By Brid McNulty, January 7 2019

“A product waiting to be created”

The beauty market is flooded with anti-wrinkle face creams, lash-thickening mascaras and lip-plumping glosses. But Kate Shapland, former beauty editor at Harper’s Bazaar, had always noticed a glaring gap in the market – leg products. Particularly, those that effectively treat for cellulite and fluid retention. With a mission to create a real solution to these problems and a head-fast mindset, Kate founded Legology. And it’s not just another cellulite cream, it is so much more! Read all about it here as we chat with Kate:

1. How did the idea of Legology come about? As a previous beauty editor, why do you think there is such a gap in the beauty market when it comes to legs?

I’ve always had a passion for legs – shape, health, everything. It was fuelled in my beauty writing years because I had a bird’s eye view of the market and innovation.  I tried everything – products, treatments, soft surgery, diets – and I never found anything that impacted on the real issues: fluid retention and cellulite, which are inextricably linked.  So many women have these concerns, but the solutions were either too perfunctory or too cosmetic – little in between.  I wanted to develop formulas that had real impact, but which also felt wonderful to use and wear, and had a certain charm that made them so irresistible they became a healthy daily habit because frequency in beauty generally brings results.
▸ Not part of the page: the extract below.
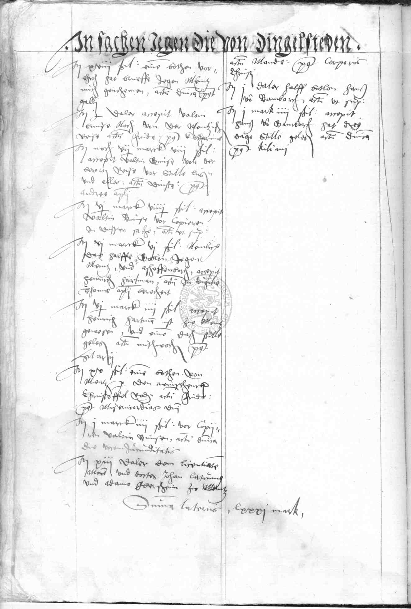 | Rubrum: | in sachen jegen die von Dingelsteden |
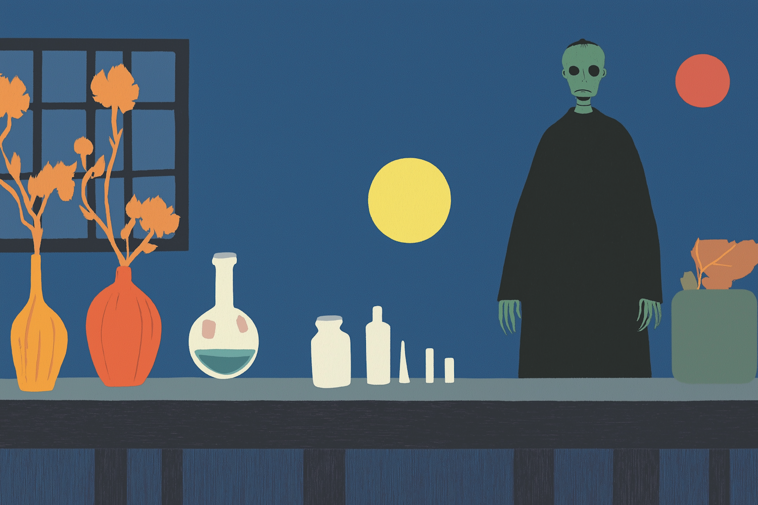 Surreal scene with a faceless figure, celestial motifs, and abstract floral arrangements in muted tones, creating an eerie atmosphere.

2. What made you take the leap from working for someone to being self-employed? Retrospectively, would you have done it earlier?

Early on in my career, I realised that if I wanted to continue working in beauty media I ought to be able to depend on myself because media is an unpredictable business.  I went freelance after my first job in publishing – it couldn’t really have been much earlier(!), at Harpers Bazaar (then Harpers & Queen) and I took every freelance opportunity that came along, from writing commissions to TV and radio contributions.  I turned nothing down because I needed to pay a mortgage – that’s very focusing when you’re self-employed. Quite recently, I arrived at a point where I realised my valuable expertise could be channelled in a way that would benefit me more than it had been, that was another reason I decided to focus on Legology.
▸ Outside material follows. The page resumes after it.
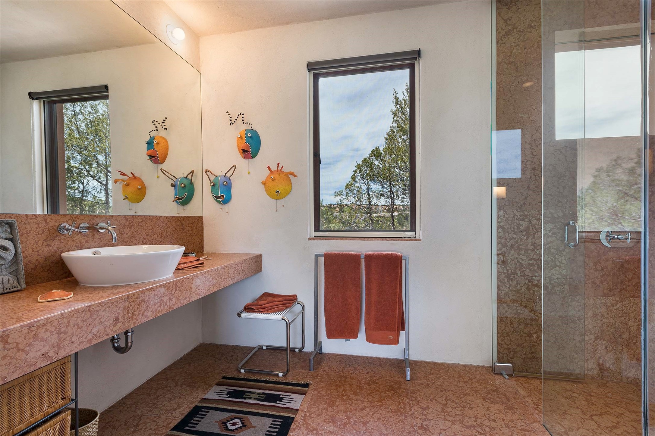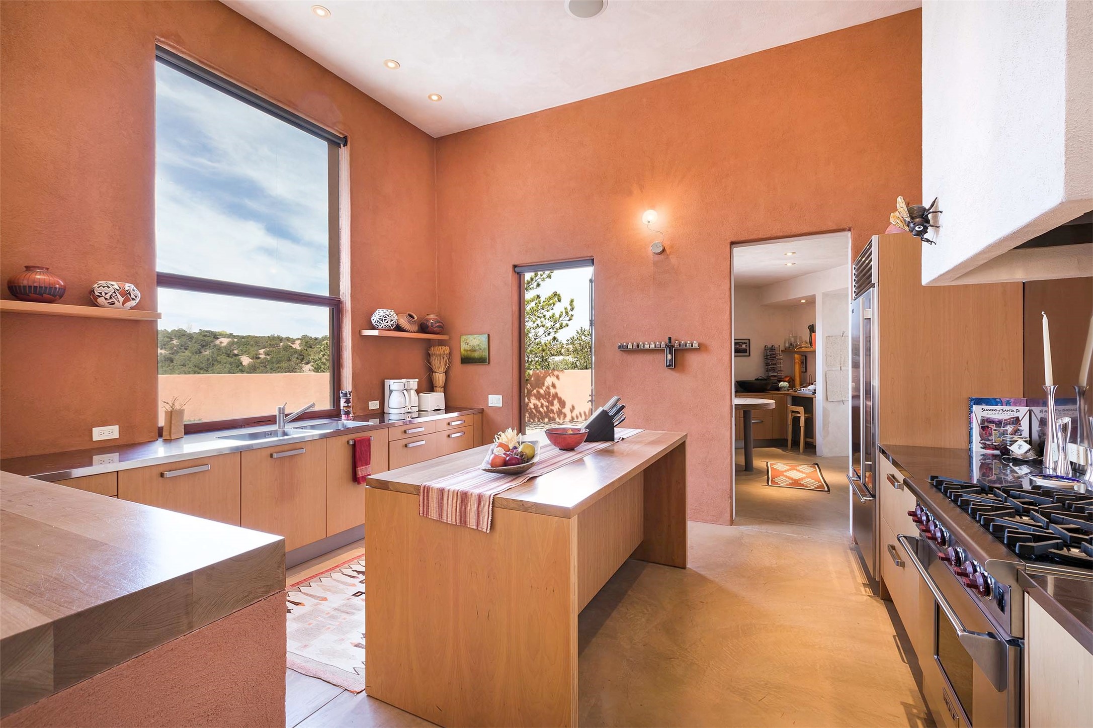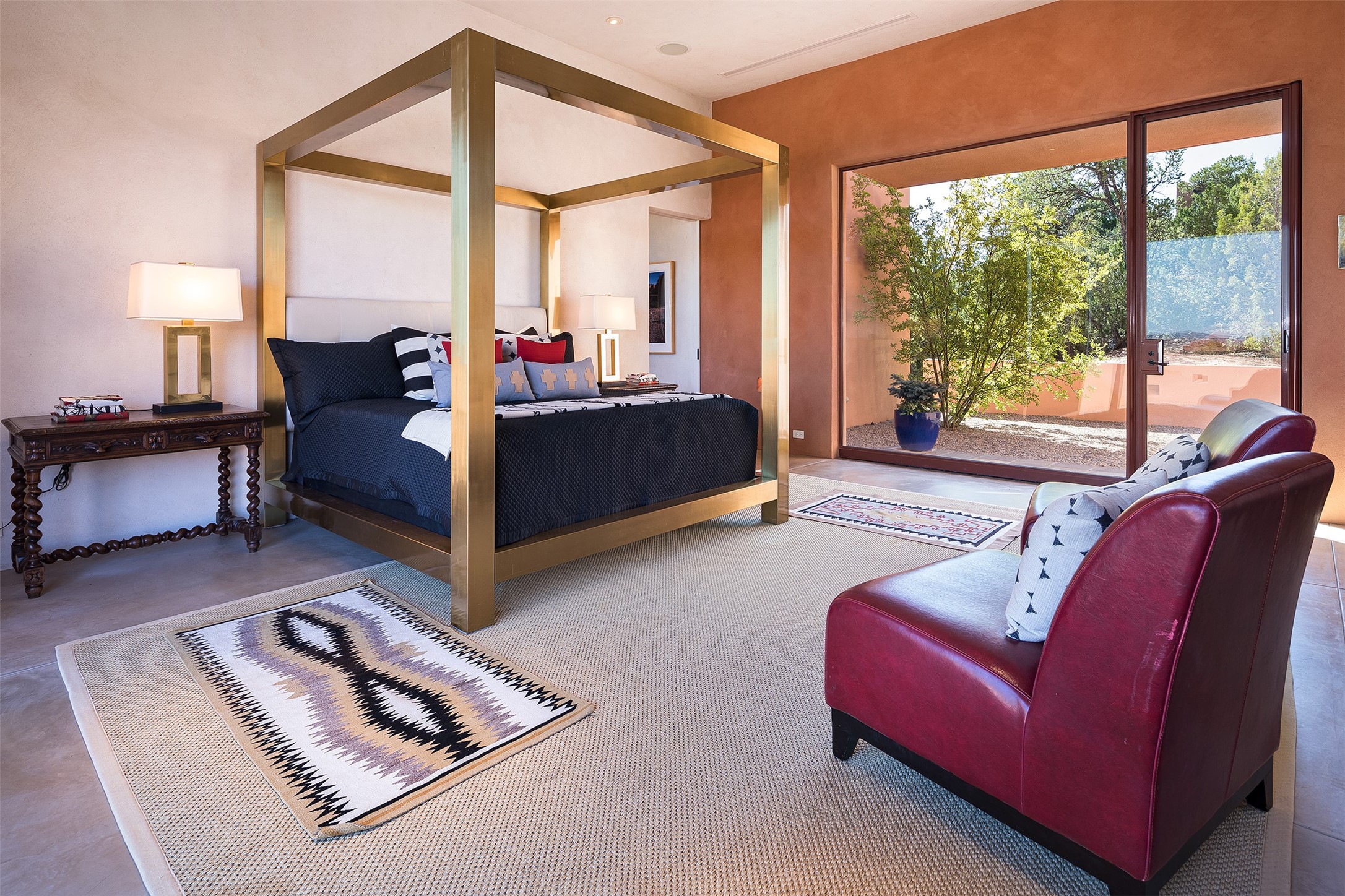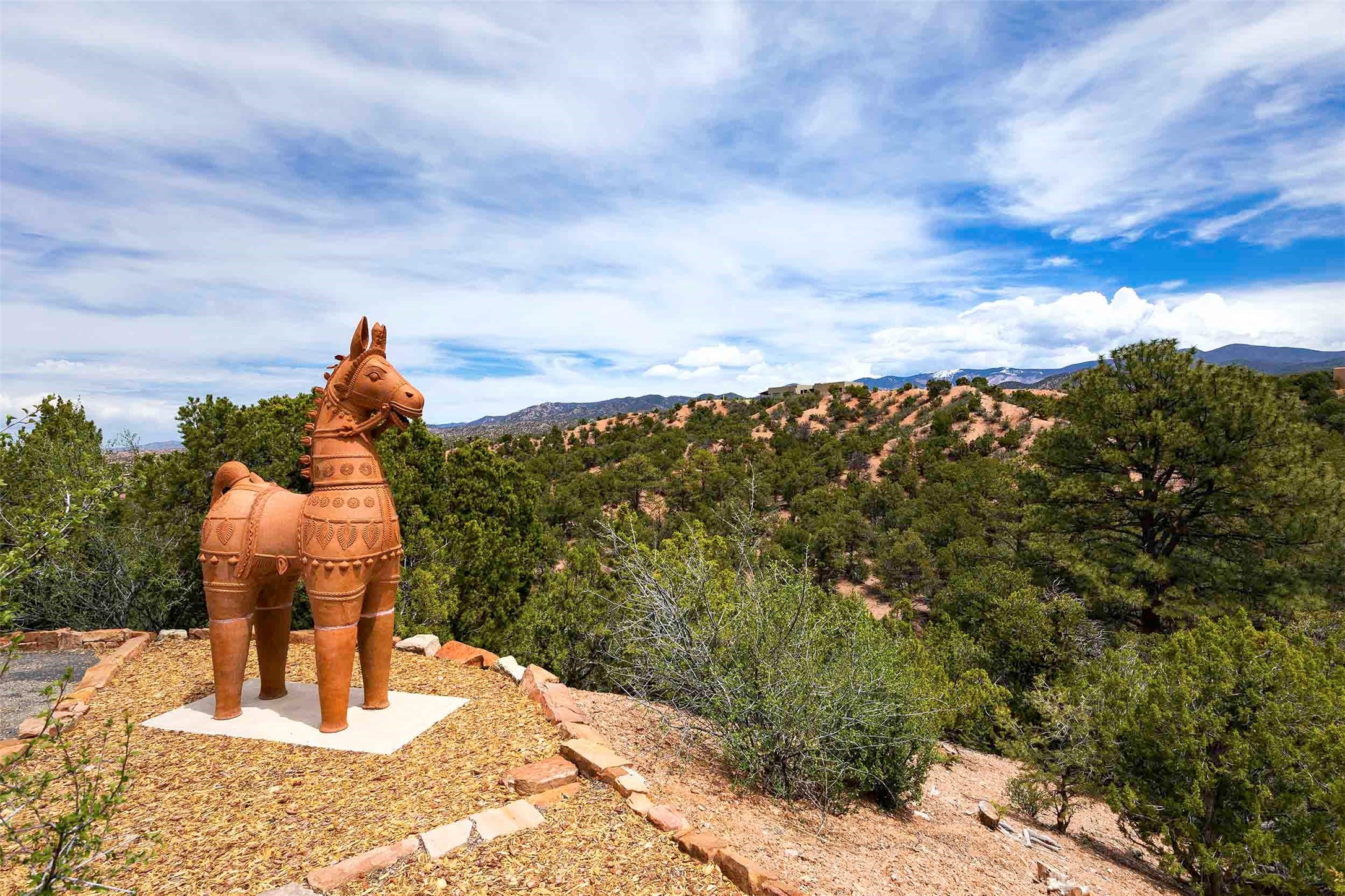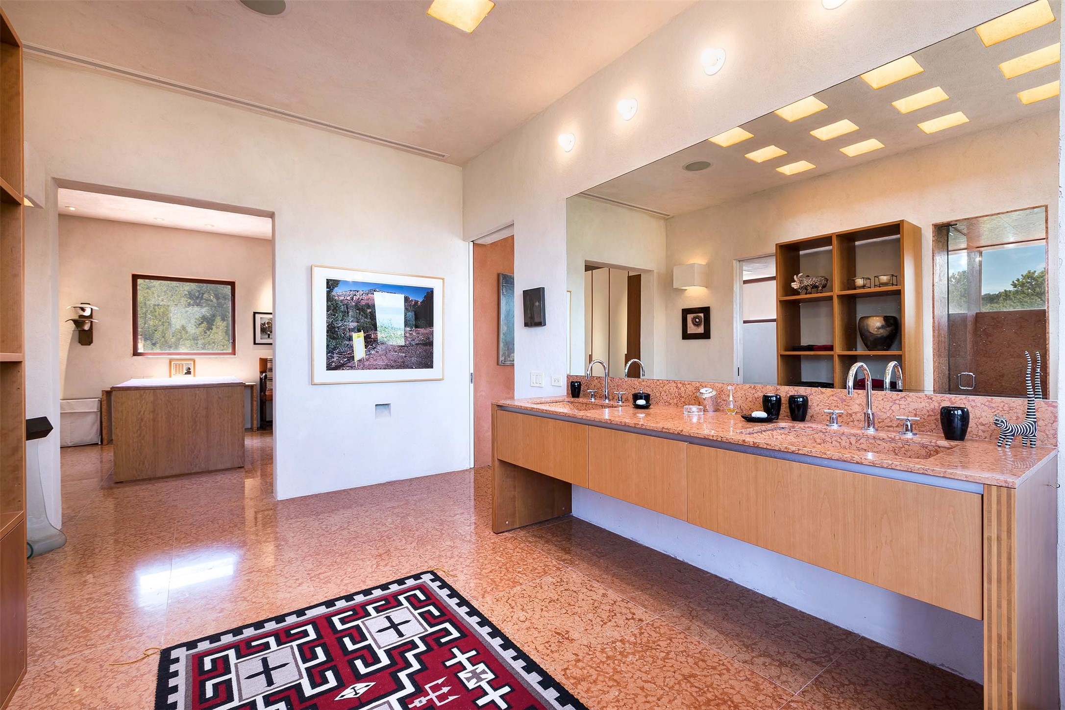 This stunning contemporary home combines the beautiful lines of renowned architect, Ricardo Legorreta, and the beautiful mountain views of Santa Fe. Located in the exclusive gated Circle Drive Compound, this home offers world-class luxury and privacy, perfect for relaxation and enjoyment. The generous open floor plan provides options for gatherings of any size. Large terraces create a perfect platform for cocktails, entertainment, and outdoor dining. Chefs will appreciate the well-stocked kitchen and the pantry/household management office. Interior walls juxtapose between expanses of glass and the exterior views and large walls perfect for an art collection on the interior. The main house has an opulent owner's suite while the separate but attached guest suite has two additional bedroom suites. Built by Doug McDowell with Rastra construction, stained concrete and marble floors, American Clay wall surfaces throughout. Community Tennis/Pickleball court.

3. What has been the biggest difference between working as a journalist and starting Legology? What skills of yours have transferred usefully over?

One of the greatest differences, and perhaps the greatest challenge, has been a lack of knowledge in a new area of business.  There are times when I despair because I genuinely do not know what the solution to a problem is.  On the other hand, many experiences from my previous working life have helped, notably an ability to adapt quickly and motivate myself, a keen eye for detail and appreciation of aesthetic, an understanding of aspiration and what triggers consumer interest.  Of course, contacts I’ve made over the years have helped greatly too – I’ve been very fortunate in the support I’ve had from my beauty writing peers and acquaintances in design and branding.

4. How did you approach the product development phase? What advice would you give?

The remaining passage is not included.